These parameters are applicable only if the eG agent uses a proxy server to connect to the Kubernetes/OpenShift cluster, and that proxy server requires authentication. In this case, provide a valid user name and password against the Proxy Username and Proxy Password parameters, respectively. Then, confirm the password by retyping it in the Confirm Password text box.

If no proxy server is used, or if the proxy server used does not require authentication, then the default setting - none - of these parameters, need not be changed.

DD Frequency

Refers to the frequency with which detailed diagnosis measures are to be generated for this test. The default is 1:1. This indicates that, by default, detailed measures will be generated every time this test runs, and also every time the test detects a problem. You can modify this frequency, if you so desire. Also, if you intend to disable the detailed diagnosis capability for this test, you can do so by specifying none against DD frequency.

Detailed Diagnosis

To make diagnosis more efficient and accurate, the eG Enterprise embeds an optional detailed diagnostic capability.

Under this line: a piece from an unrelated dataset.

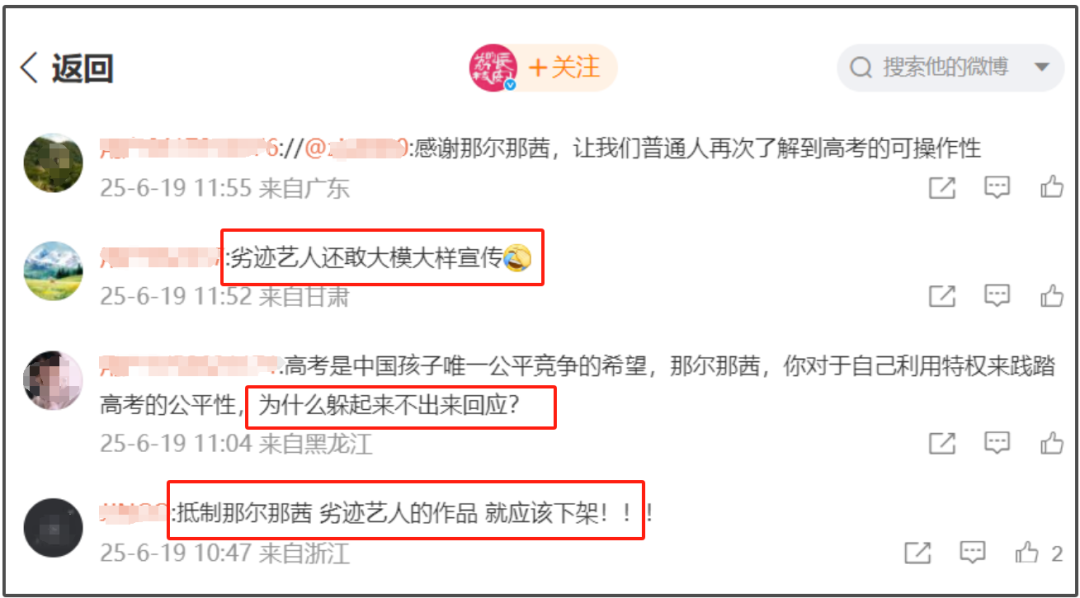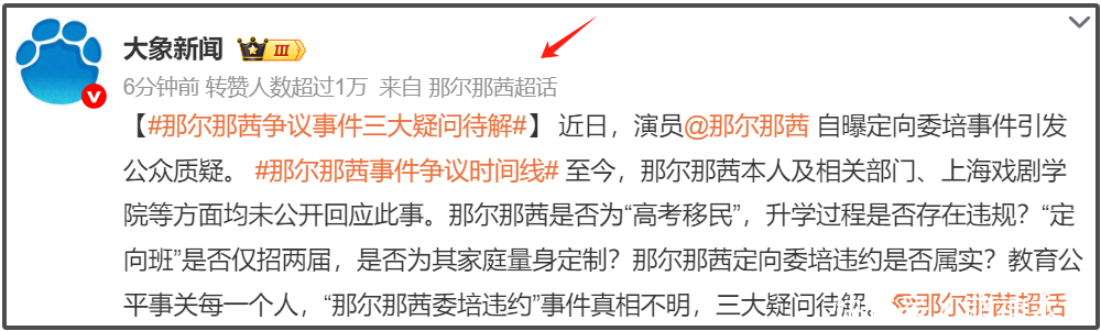 大象新闻作风最为矍铄,官博干脆把“那尔那茜争议事件三大疑问待解”话题发到了那尔那茜超话,直言请示公道事关每一个东谈主毁坏糟踏,条件那尔那茜恢复高考外侨、升学违法、量身定制上戏定向班等中枢争议,已有超万东谈主次转赞。
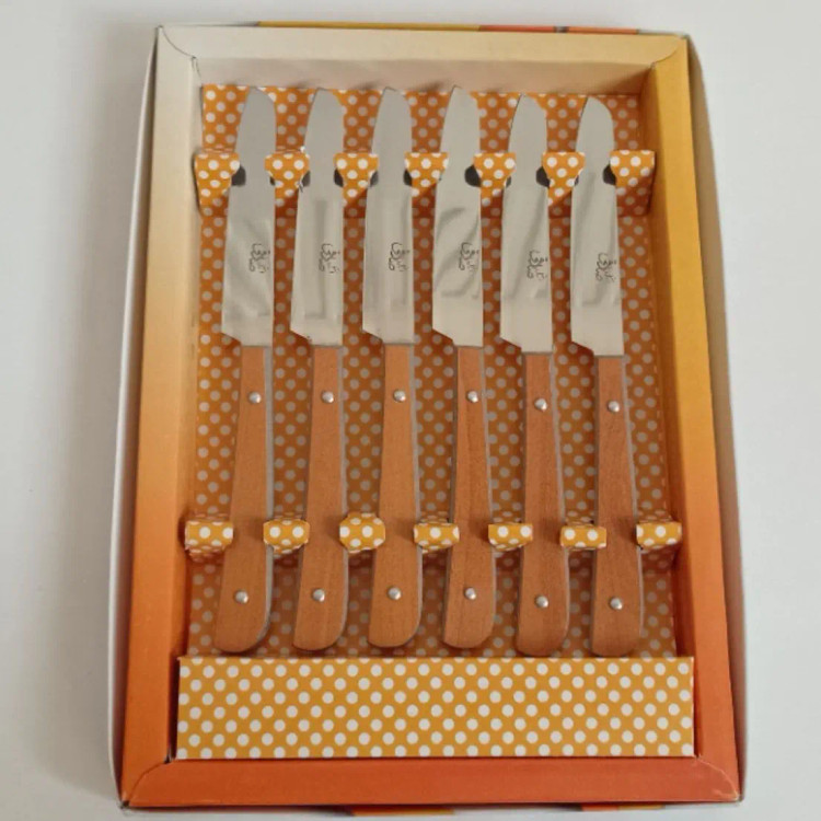 چاقو زنجان صادقی 6 عددی بدون باربند در رنگ قهوه ای

With this capability, the eG agents can be configured to run detailed, more elaborate tests as and when specific problems are detected. To enable the detailed diagnosis capability of this test for a particular server, choose the On option. To disable the capability, click on the Off option.

The option to selectively enable/disable the detailed diagnosis capability will be available only if the following conditions are fulfilled:

  • The eG manager license should allow the detailed diagnosis capability
  • Both the normal and abnormal frequencies configured for the detailed diagnosis measures should not be 0.
Measurements made by the test
Measurement Description Measurement Unit Interpretation

Time since HPA creation

Indicates the age of this autoscaler.

 

The value of this measure is expressed in number of days, hours, and minutes.

Is able to scale?

Indicates whether/not this autoscaler is allowed to scale.

 

This measure reports the value Yes if the autoscaler is able to fetch and update scales. The value No is reported if backoff conditions - eg., a CrashLoopBackOff that is causing a Pod to start and crashing in a loop - are preventing scaling. The value Unknown is reported if the state cannot be determined.

The numeric values that correspond to these measure values are as follows:

Measure Value Numeric Value
Yes 1
No 2
Unknown 3

Note:

By default, this test reports the Measure Values listed in the table above to indicate whether/not an autoscaler is allowed to scale. In the graph of this measure however, the same is indicated using the numeric equivalents only.

If this measure reports the value No or Unknown, then use the detailed diagnosis of this measure to know what prevented the autoscaler from performing scaling.

Is scaling active?

Indicates whether/not this autoscaler is enabled and is able to calculate the desired scales.

 

This measure reports the value Yes if the autoscaler is able to fetch metrics and compute the scales. The value No is reported if there are problems with fetching metrics. The value Unknown is reported if the state cannot be determined.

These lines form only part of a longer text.